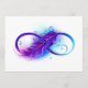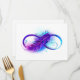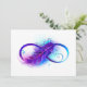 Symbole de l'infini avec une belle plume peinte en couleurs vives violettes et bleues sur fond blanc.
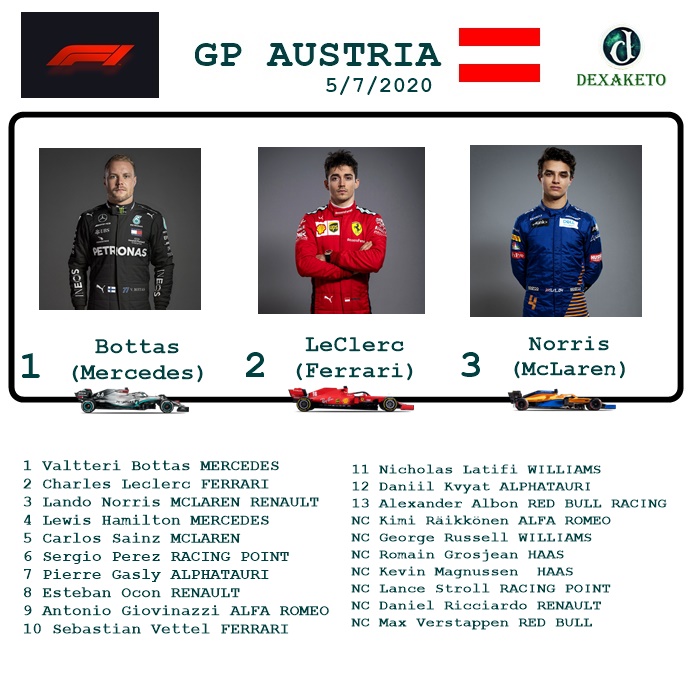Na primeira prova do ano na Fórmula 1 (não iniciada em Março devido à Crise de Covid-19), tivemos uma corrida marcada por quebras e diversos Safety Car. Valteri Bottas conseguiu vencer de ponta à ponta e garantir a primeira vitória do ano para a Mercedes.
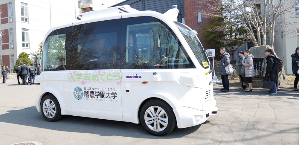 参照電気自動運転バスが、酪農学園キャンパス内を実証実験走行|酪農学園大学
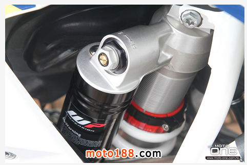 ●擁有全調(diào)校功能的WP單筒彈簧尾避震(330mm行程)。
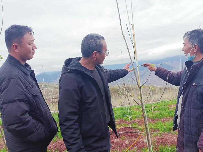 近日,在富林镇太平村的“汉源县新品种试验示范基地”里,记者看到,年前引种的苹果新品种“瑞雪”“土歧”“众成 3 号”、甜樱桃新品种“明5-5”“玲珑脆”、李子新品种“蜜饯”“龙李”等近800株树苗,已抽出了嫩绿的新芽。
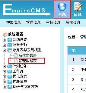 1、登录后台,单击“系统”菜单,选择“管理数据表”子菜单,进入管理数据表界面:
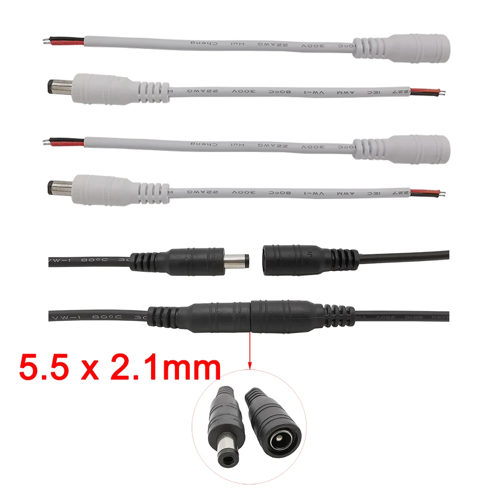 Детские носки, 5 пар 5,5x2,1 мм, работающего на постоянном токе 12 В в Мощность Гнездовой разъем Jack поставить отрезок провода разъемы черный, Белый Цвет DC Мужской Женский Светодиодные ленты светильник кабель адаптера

***

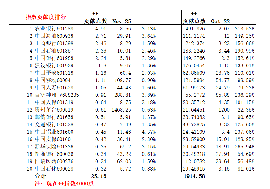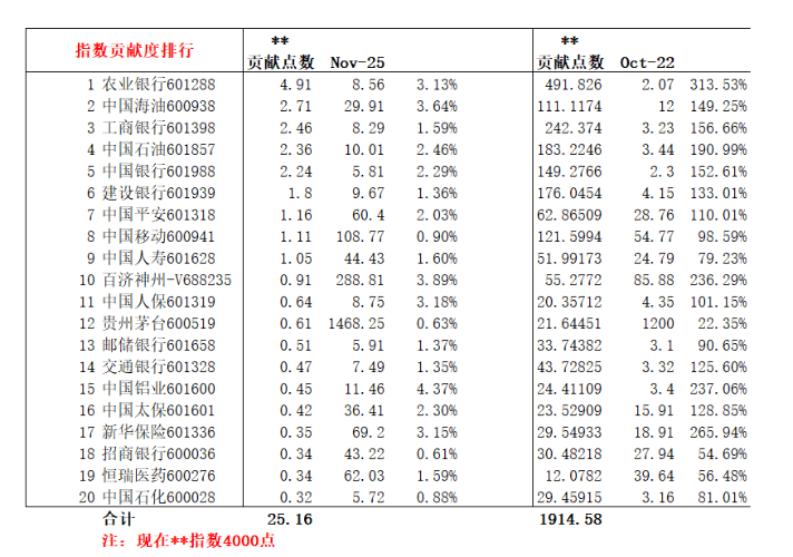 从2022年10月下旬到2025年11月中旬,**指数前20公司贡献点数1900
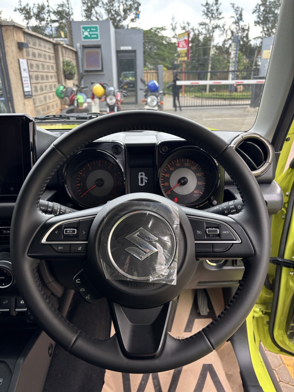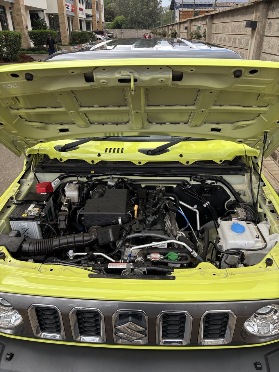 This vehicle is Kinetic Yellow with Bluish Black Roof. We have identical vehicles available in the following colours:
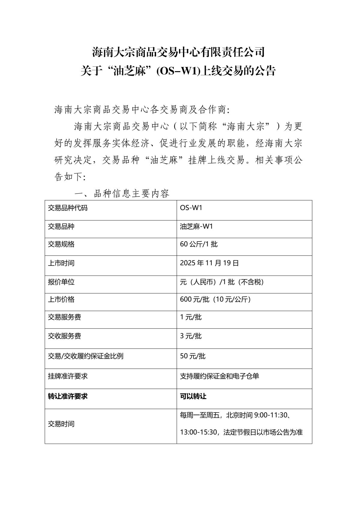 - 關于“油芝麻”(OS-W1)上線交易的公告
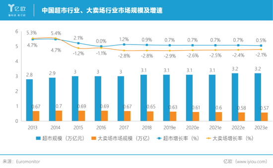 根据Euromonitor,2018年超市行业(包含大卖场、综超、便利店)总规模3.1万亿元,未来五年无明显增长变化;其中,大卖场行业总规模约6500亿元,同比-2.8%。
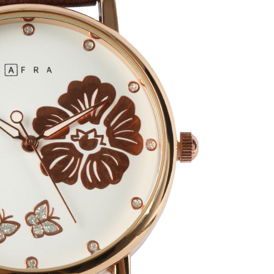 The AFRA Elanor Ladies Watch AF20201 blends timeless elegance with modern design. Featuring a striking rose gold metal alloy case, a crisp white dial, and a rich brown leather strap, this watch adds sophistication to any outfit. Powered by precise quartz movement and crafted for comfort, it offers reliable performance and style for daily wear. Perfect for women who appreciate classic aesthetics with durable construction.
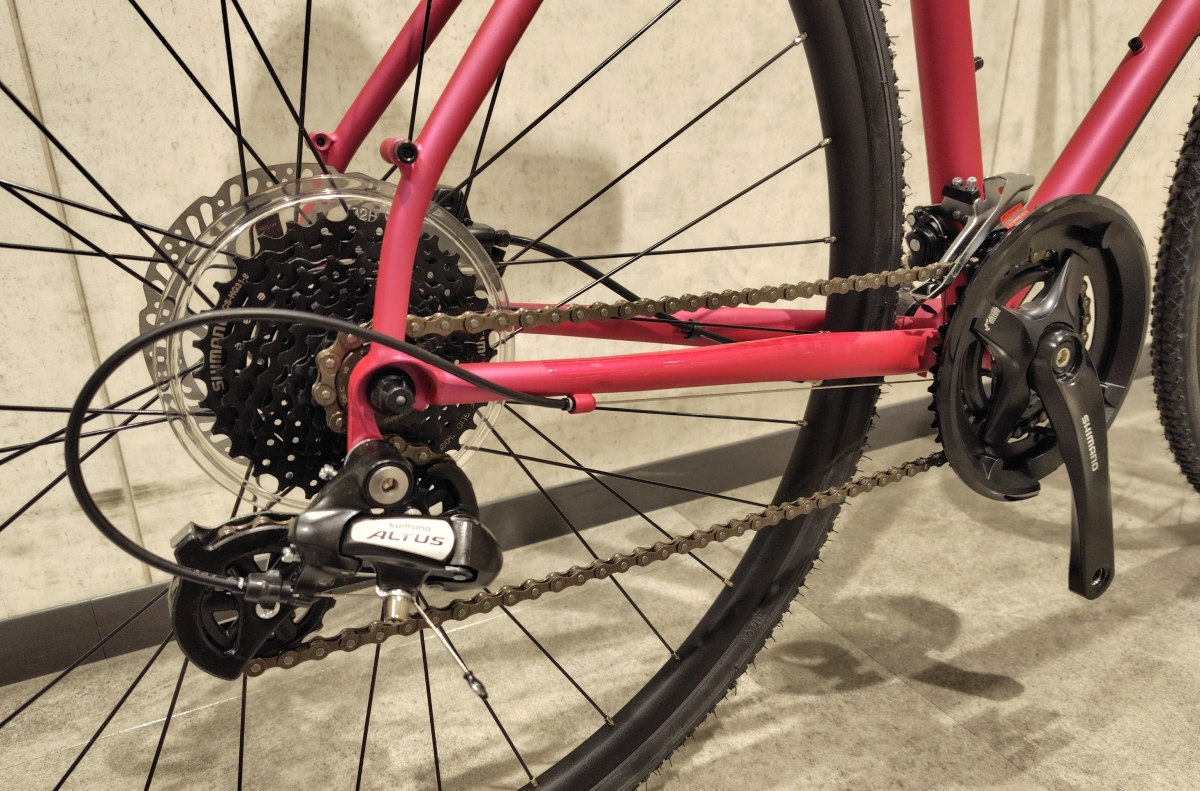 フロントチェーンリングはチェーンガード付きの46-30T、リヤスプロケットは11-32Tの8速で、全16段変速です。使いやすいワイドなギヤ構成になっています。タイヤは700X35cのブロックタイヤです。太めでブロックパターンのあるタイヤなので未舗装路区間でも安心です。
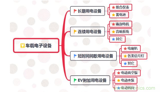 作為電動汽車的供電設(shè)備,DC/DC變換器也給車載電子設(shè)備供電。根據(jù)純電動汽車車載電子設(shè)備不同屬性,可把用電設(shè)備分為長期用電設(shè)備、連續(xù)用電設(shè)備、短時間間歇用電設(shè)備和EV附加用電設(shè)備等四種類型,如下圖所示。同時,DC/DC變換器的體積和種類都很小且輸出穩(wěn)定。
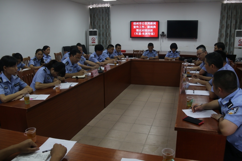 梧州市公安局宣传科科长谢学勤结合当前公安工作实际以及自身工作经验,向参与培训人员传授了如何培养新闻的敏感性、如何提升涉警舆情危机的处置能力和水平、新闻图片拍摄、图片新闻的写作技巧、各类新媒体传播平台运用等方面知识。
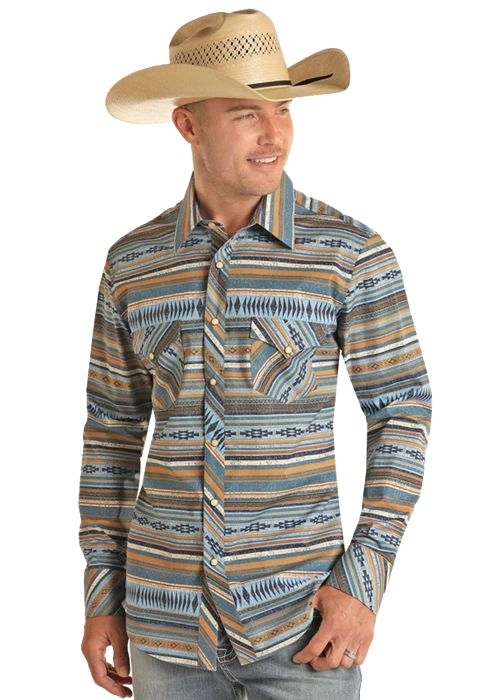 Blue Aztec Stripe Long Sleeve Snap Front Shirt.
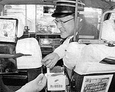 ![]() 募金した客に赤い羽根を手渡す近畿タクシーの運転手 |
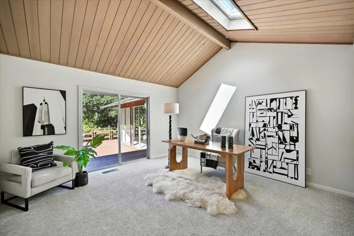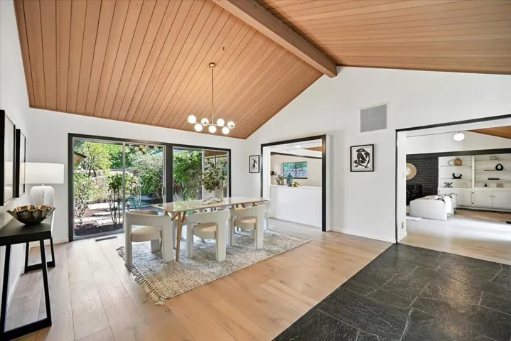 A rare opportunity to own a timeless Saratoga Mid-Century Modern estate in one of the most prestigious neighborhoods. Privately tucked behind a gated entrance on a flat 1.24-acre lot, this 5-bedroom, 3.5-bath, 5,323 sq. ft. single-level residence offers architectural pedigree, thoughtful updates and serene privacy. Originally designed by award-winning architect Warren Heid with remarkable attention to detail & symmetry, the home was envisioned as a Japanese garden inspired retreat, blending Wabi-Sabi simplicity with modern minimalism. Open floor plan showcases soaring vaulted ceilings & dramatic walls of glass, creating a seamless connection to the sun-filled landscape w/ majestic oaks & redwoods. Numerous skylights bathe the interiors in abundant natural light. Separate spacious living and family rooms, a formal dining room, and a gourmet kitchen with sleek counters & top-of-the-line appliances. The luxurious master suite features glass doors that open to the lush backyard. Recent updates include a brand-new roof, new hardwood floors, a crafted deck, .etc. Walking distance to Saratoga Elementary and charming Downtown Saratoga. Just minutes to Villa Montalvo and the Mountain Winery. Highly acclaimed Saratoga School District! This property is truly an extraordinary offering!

***

**Problem to solve**
Only the lines starting at the one that includes "Blue Aztec Stripe" and ending at the one that includes "A rare opportunity" should be retyped, exactly, from the records above; no pictures.

**Result of this task**
 Blue Aztec Stripe Long Sleeve Snap Front Shirt.
 ![]() 募金した客に赤い羽根を手渡す近畿タクシーの運転手 |
 A rare opportunity to own a timeless Saratoga Mid-Century Modern estate in one of the most prestigious neighborhoods. Privately tucked behind a gated entrance on a flat 1.24-acre lot, this 5-bedroom, 3.5-bath, 5,323 sq. ft. single-level residence offers architectural pedigree, thoughtful updates and serene privacy. Originally designed by award-winning architect Warren Heid with remarkable attention to detail & symmetry, the home was envisioned as a Japanese garden inspired retreat, blending Wabi-Sabi simplicity with modern minimalism. Open floor plan showcases soaring vaulted ceilings & dramatic walls of glass, creating a seamless connection to the sun-filled landscape w/ majestic oaks & redwoods. Numerous skylights bathe the interiors in abundant natural light. Separate spacious living and family rooms, a formal dining room, and a gourmet kitchen with sleek counters & top-of-the-line appliances. The luxurious master suite features glass doors that open to the lush backyard. Recent updates include a brand-new roof, new hardwood floors, a crafted deck, .etc. Walking distance to Saratoga Elementary and charming Downtown Saratoga. Just minutes to Villa Montalvo and the Mountain Winery. Highly acclaimed Saratoga School District! This property is truly an extraordinary offering!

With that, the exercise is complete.